Information provided —
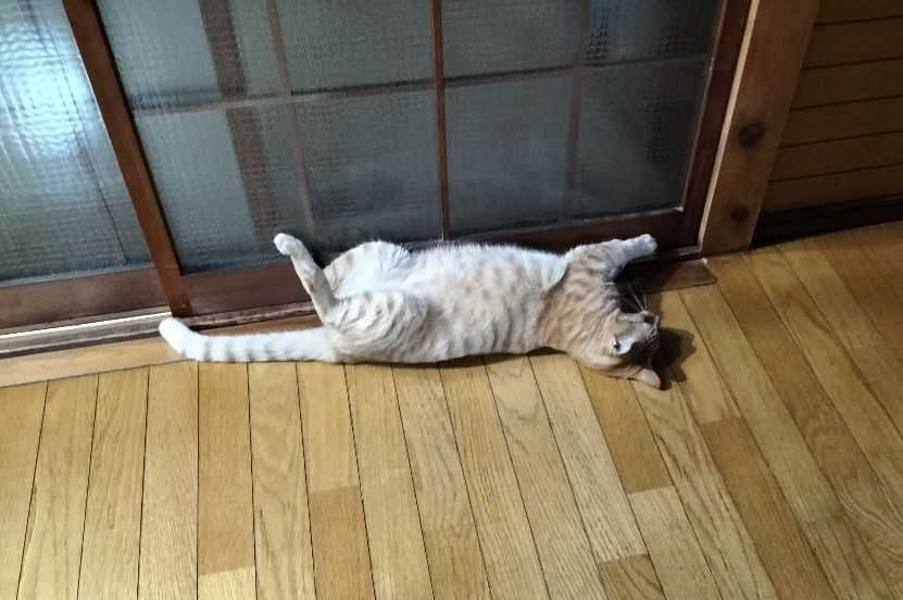2階で寝ていたアランが暑くなって、下りてきたのが昼過ぎ。クーラーの掛かっている部屋は涼しいが、不自然な涼しさには違和感があるらしい。いつも部屋の隅に行って寝転んでいる。なんでこんな格好になるのか。場所が変わっても、どうしてもこういう風になる。
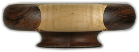 I ALWAYS POINT OUT ANYTHING THAT NEEDS TO BE COMMENTED ON. THESE ARE (UNLESS OTHERWISE STATED) THINGS THAT DO NOT DETRACT FROM THE BEAUTY OF THE BOWL, BUT I WANT TO BE SURE I GIVE A COMPLETE DESCRIPTION. SO ... there is a small void in the piece of bocote at the right of center. This is the kind of thing that happens with wood, it being an organic material, and I don't consider it significant but since you might not agree I want to be sure you are aware of it. You can see it easily in the enlargement of the orientation view
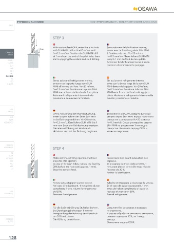 with SUH MINI drill at Vc=20 m/min and entrer avec le foret long série SUH MINI
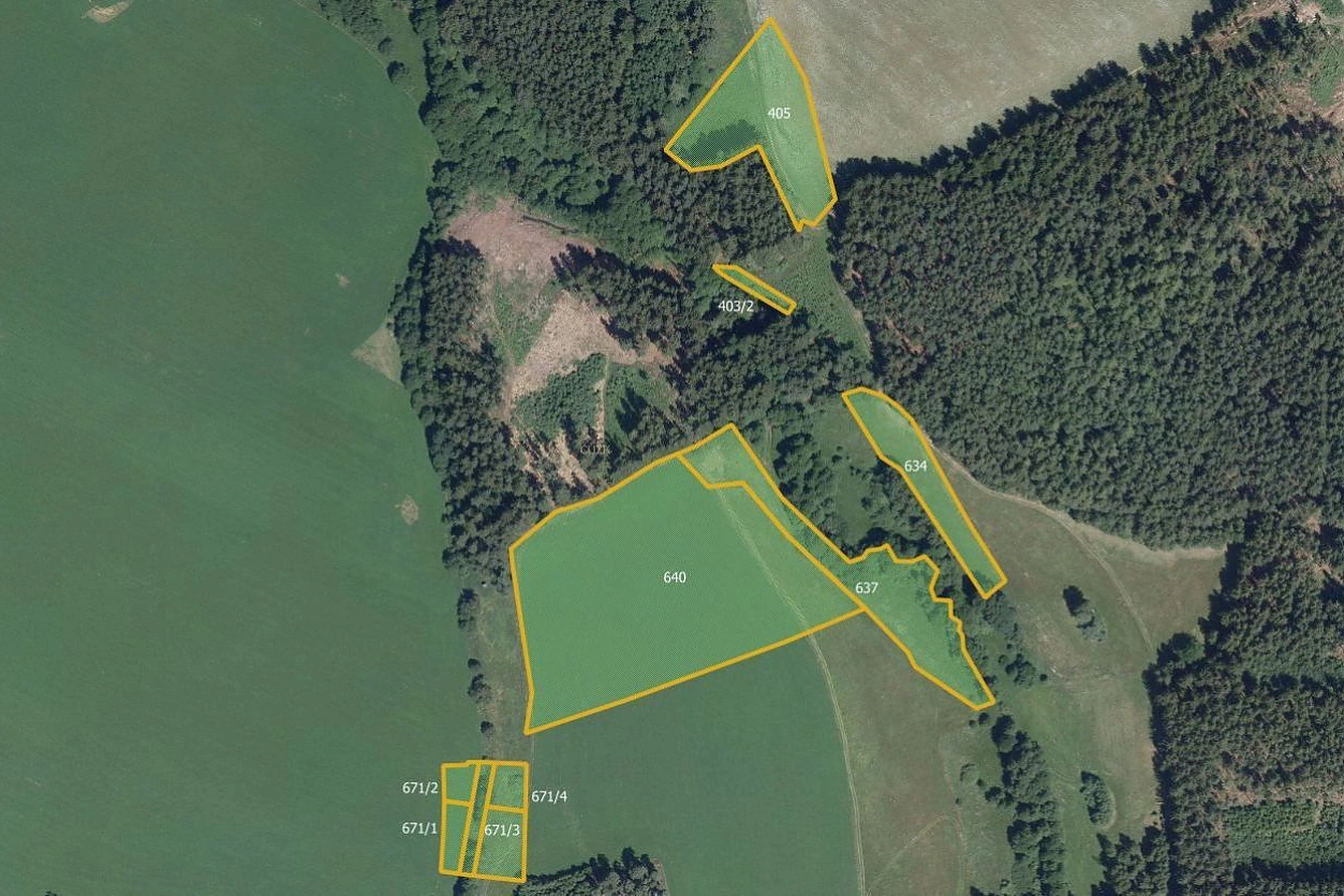 Předmětem prodeje jsou parc. č. 403/2, 405, 634, 637, 640, 641/19, 671/1, 671/2, 671/3 a 671/4 zapsané na LV 405 v KÚ Chlum u Hlinska.

Your objective —
Starting with the line that contains "with SUH MINI", copy every line word for word through the end of the listing above, but leave out the pictures.

Solution to the problem —
 with SUH MINI drill at Vc=20 m/min and entrer avec le foret long série SUH MINI
 Předmětem prodeje jsou parc. č. 403/2, 405, 634, 637, 640, 641/19, 671/1, 671/2, 671/3 a 671/4 zapsané na LV 405 v KÚ Chlum u Hlinska.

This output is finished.